WORK TO COMPLETE
Leaving out all pictures, transcribe the lines below exactly, from the first through the line containing "Olive trees bring".

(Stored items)
- - -

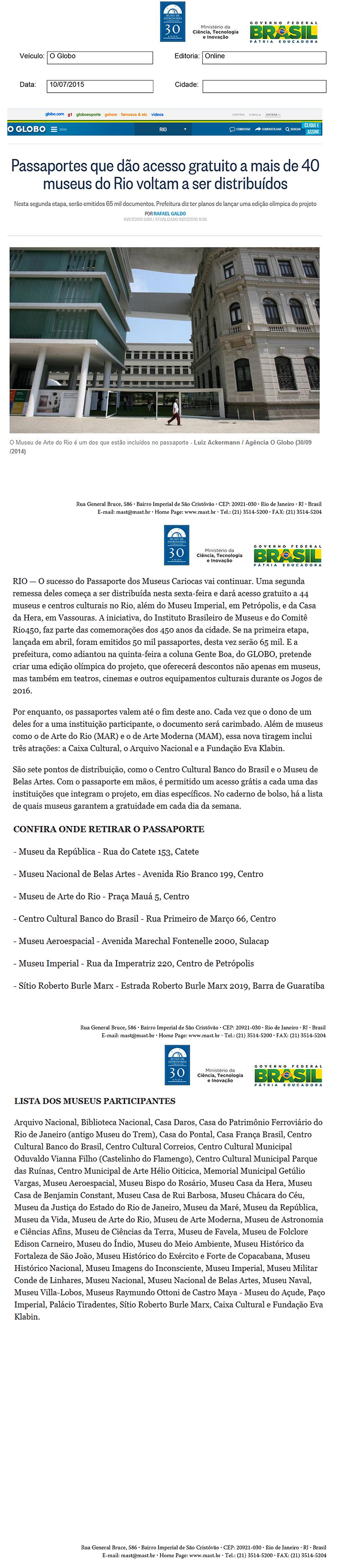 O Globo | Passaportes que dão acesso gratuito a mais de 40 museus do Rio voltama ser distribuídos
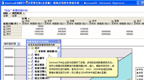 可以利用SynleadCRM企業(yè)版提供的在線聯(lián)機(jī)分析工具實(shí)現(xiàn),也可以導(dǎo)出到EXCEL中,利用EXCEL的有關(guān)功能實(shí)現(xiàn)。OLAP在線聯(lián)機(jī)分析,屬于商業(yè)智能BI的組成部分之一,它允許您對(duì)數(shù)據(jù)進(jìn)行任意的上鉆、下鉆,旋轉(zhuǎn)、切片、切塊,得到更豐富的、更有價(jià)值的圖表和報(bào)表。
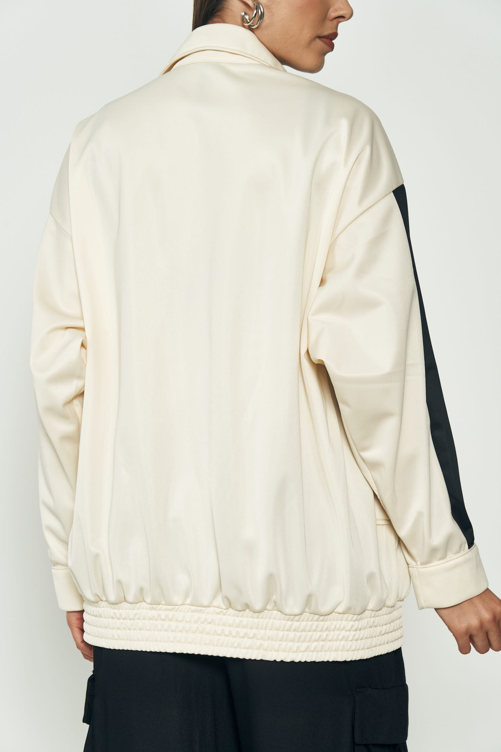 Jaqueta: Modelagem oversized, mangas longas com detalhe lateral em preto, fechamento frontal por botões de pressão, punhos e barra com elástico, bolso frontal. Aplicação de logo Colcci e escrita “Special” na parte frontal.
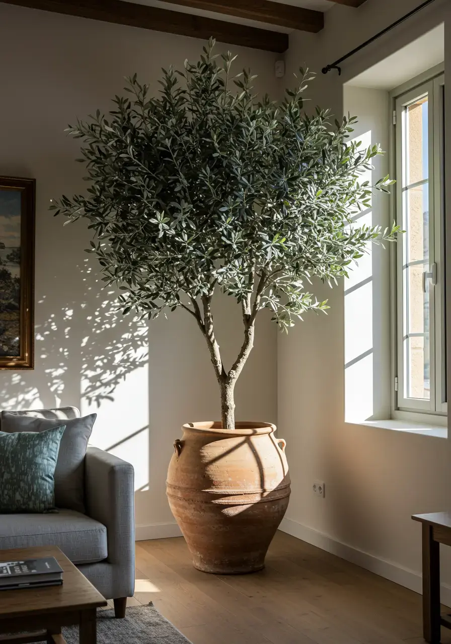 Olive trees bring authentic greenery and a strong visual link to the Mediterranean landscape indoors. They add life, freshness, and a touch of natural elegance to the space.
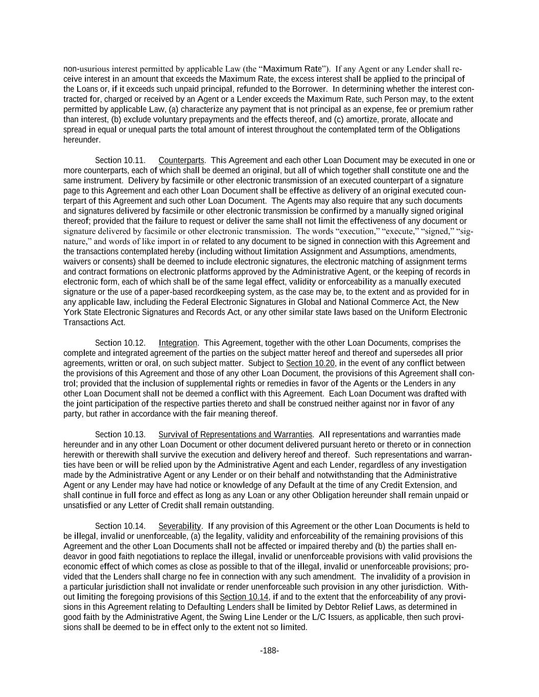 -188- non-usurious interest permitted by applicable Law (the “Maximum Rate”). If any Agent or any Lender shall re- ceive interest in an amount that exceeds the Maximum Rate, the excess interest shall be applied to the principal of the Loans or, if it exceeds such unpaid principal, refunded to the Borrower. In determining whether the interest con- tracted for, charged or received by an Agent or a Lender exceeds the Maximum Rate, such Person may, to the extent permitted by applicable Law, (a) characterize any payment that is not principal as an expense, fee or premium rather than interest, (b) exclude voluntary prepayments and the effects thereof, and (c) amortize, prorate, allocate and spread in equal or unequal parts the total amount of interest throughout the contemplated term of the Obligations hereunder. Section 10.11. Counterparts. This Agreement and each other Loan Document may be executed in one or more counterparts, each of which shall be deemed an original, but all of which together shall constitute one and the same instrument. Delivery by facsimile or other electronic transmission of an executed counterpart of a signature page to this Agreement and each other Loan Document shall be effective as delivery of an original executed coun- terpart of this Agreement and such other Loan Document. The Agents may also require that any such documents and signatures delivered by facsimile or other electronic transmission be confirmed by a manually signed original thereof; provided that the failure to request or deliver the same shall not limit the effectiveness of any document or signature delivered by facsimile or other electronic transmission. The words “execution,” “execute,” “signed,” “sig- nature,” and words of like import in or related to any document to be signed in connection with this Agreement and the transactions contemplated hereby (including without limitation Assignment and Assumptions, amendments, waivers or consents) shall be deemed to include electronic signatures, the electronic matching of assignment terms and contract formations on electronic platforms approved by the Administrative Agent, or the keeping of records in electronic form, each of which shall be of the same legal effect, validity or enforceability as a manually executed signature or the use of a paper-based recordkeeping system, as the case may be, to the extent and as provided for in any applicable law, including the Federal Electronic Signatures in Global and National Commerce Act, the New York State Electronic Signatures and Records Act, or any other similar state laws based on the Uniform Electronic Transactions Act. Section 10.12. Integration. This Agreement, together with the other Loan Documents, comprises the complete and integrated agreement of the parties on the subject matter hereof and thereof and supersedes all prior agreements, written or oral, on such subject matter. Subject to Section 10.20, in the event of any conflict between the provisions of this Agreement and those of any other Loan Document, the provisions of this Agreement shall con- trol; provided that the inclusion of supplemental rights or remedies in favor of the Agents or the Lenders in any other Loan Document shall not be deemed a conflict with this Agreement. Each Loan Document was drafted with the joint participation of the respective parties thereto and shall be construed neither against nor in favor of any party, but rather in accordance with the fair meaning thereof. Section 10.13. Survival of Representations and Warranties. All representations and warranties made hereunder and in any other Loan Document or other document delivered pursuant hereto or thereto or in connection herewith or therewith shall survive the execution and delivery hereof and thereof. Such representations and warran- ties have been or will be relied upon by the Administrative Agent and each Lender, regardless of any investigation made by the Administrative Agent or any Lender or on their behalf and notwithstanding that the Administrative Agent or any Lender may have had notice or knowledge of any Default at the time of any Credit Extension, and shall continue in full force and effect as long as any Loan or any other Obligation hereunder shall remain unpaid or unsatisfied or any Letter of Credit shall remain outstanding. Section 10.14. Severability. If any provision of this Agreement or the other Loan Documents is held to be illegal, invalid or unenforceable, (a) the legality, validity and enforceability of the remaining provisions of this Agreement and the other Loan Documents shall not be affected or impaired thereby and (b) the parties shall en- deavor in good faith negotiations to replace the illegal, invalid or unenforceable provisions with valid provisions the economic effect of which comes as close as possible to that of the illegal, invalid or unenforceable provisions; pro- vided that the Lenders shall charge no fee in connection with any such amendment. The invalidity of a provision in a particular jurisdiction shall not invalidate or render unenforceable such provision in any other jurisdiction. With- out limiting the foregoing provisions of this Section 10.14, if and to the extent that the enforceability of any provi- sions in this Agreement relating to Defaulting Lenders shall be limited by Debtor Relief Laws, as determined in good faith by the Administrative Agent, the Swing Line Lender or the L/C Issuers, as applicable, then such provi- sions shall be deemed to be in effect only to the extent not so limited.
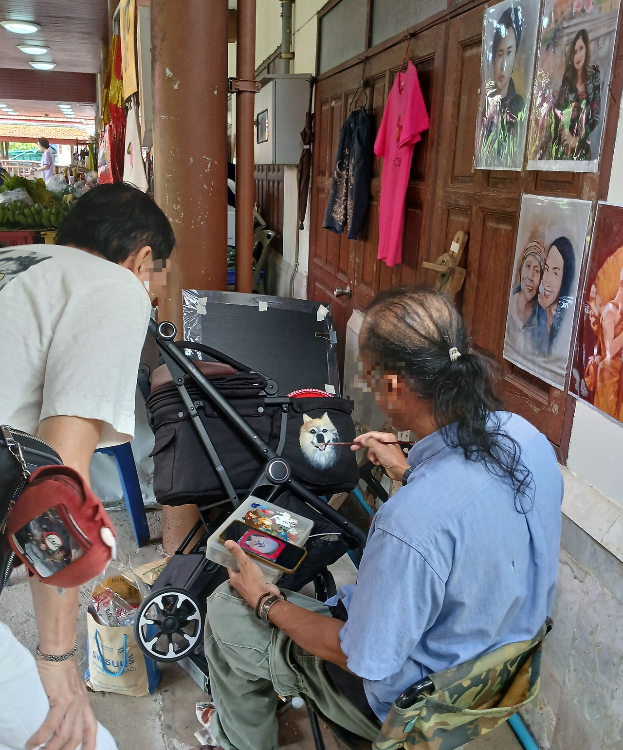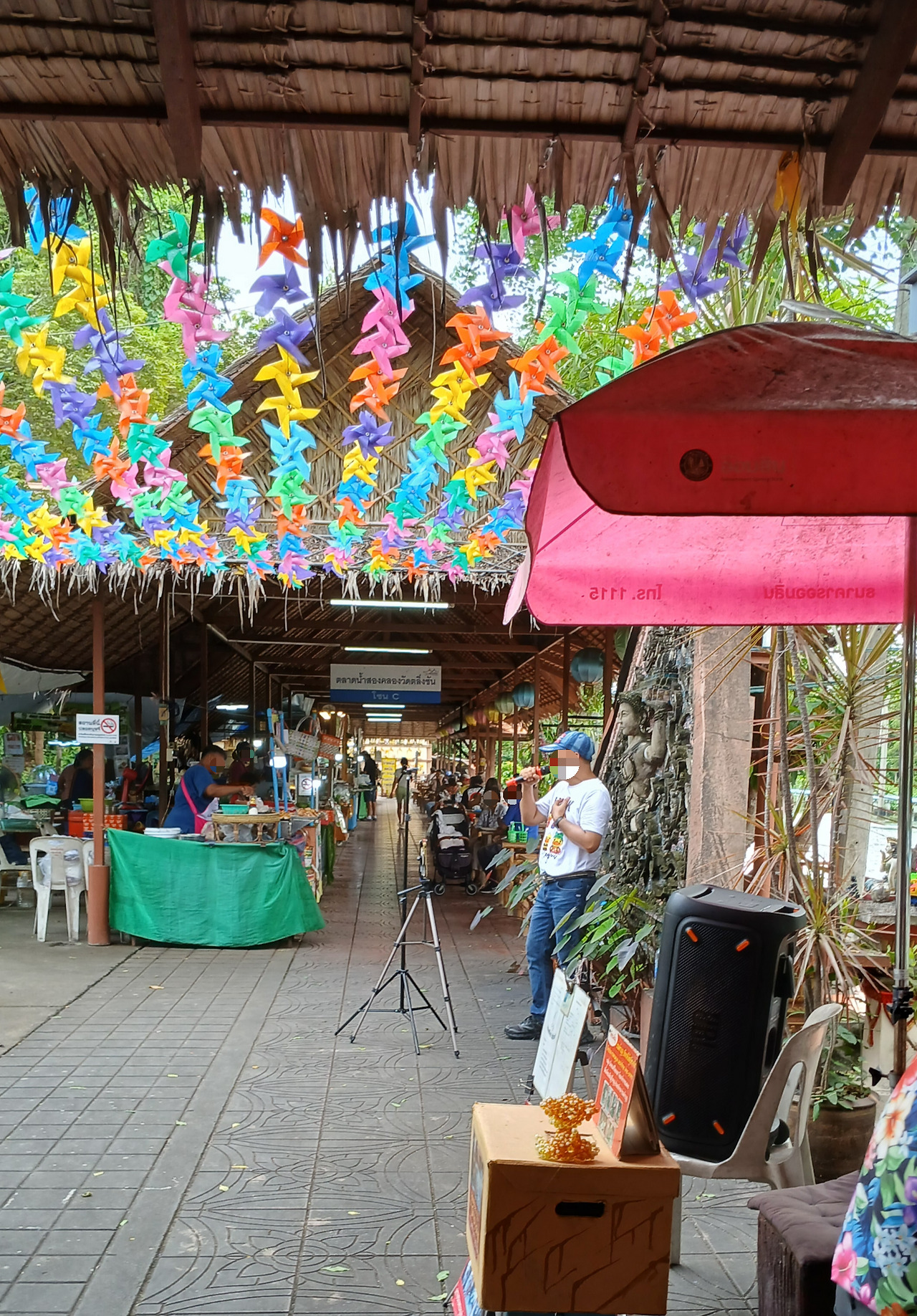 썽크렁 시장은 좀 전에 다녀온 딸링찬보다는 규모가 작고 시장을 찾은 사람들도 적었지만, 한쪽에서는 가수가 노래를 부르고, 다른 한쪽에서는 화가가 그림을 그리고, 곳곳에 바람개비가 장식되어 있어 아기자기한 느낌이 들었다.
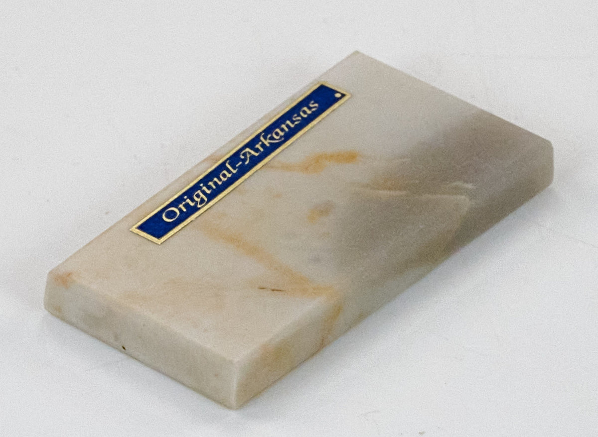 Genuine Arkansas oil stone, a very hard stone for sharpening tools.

- - -

FINISHED TASK
 O Globo | Passaportes que dão acesso gratuito a mais de 40 museus do Rio voltama ser distribuídos
 可以利用SynleadCRM企業(yè)版提供的在線聯(lián)機(jī)分析工具實(shí)現(xiàn),也可以導(dǎo)出到EXCEL中,利用EXCEL的有關(guān)功能實(shí)現(xiàn)。OLAP在線聯(lián)機(jī)分析,屬于商業(yè)智能BI的組成部分之一,它允許您對(duì)數(shù)據(jù)進(jìn)行任意的上鉆、下鉆,旋轉(zhuǎn)、切片、切塊,得到更豐富的、更有價(jià)值的圖表和報(bào)表。
 Jaqueta: Modelagem oversized, mangas longas com detalhe lateral em preto, fechamento frontal por botões de pressão, punhos e barra com elástico, bolso frontal. Aplicação de logo Colcci e escrita “Special” na parte frontal.
 Olive trees bring authentic greenery and a strong visual link to the Mediterranean landscape indoors. They add life, freshness, and a touch of natural elegance to the space.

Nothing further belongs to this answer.